> [Work order]
Apart from the images, output the data below exactly.

> [Data block]
--- --- ---

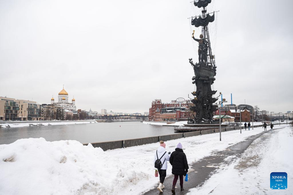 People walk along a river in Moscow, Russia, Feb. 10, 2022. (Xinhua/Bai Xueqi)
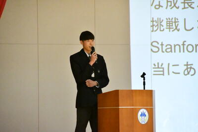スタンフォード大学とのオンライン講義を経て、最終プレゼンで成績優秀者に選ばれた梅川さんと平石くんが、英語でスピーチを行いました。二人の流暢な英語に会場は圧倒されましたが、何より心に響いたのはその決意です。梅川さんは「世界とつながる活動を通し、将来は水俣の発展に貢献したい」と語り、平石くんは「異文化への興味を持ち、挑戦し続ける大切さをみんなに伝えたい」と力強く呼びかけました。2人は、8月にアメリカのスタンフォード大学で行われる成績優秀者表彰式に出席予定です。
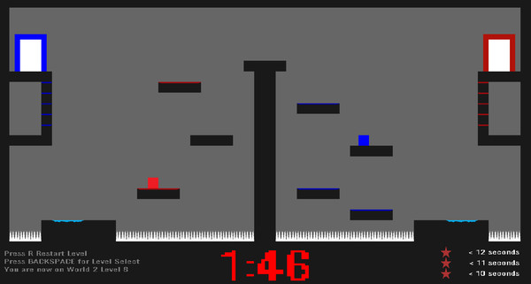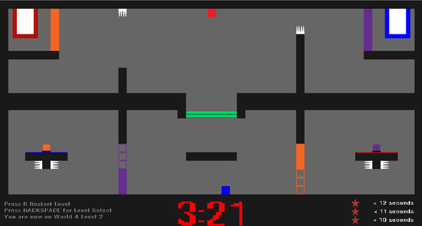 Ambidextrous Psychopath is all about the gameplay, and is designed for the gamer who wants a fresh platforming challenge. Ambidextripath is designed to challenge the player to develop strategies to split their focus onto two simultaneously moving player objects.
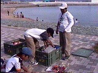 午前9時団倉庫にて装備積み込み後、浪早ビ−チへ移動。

--- --- ---

> [Answer for the task]
 People walk along a river in Moscow, Russia, Feb. 10, 2022. (Xinhua/Bai Xueqi)
スタンフォード大学とのオンライン講義を経て、最終プレゼンで成績優秀者に選ばれた梅川さんと平石くんが、英語でスピーチを行いました。二人の流暢な英語に会場は圧倒されましたが、何より心に響いたのはその決意です。梅川さんは「世界とつながる活動を通し、将来は水俣の発展に貢献したい」と語り、平石くんは「異文化への興味を持ち、挑戦し続ける大切さをみんなに伝えたい」と力強く呼びかけました。2人は、8月にアメリカのスタンフォード大学で行われる成績優秀者表彰式に出席予定です。
 Ambidextrous Psychopath is all about the gameplay, and is designed for the gamer who wants a fresh platforming challenge. Ambidextripath is designed to challenge the player to develop strategies to split their focus onto two simultaneously moving player objects.
 午前9時団倉庫にて装備積み込み後、浪早ビ−チへ移動。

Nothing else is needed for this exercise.